§ **Task statement**
Start to finish, return the listing below exactly, pictures excluded.

§ **Recorded information**
---*---
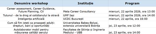 În cadrul evenimentului Târgul de Viitor, instituțiile vor susține mai multe workshop-uri, după cum urmează:
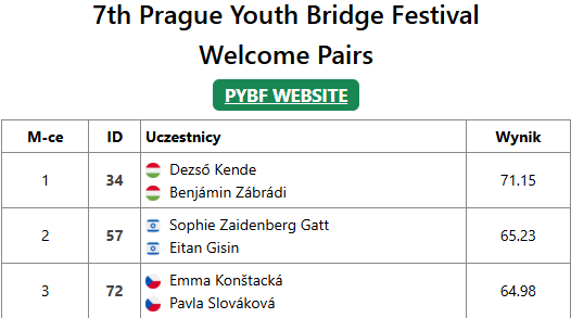 20 deals, MP scoring, relaxed pair event, including coaches and visitors
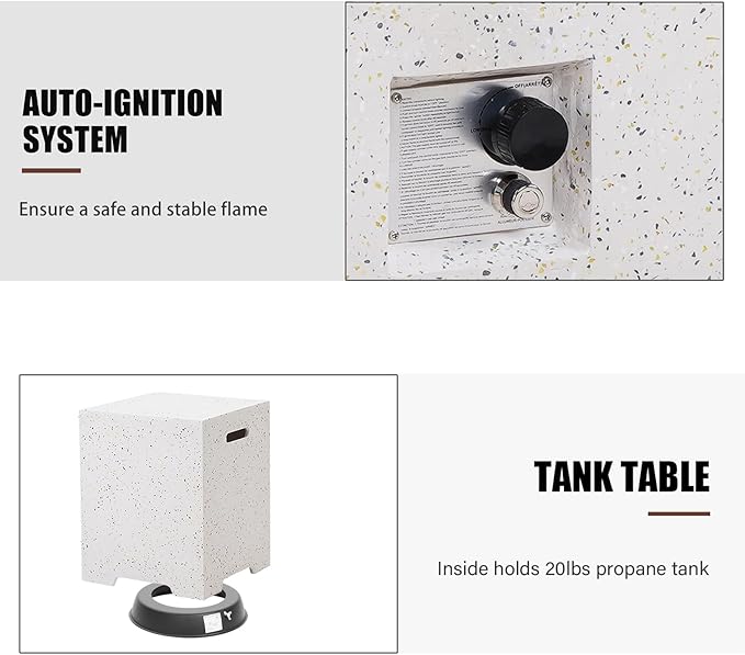 - 🔥Lightweight Concrete: This propane fire pit and tank holder set is constructed of lightweight concrete and features a modern light beige finish. This provides a highly durable structure that can hold a substantial amount of weight
---*---
§ **Reply**
 În cadrul evenimentului Târgul de Viitor, instituțiile vor susține mai multe workshop-uri, după cum urmează:
 20 deals, MP scoring, relaxed pair event, including coaches and visitors
 - 🔥Lightweight Concrete: This propane fire pit and tank holder set is constructed of lightweight concrete and features a modern light beige finish. This provides a highly durable structure that can hold a substantial amount of weight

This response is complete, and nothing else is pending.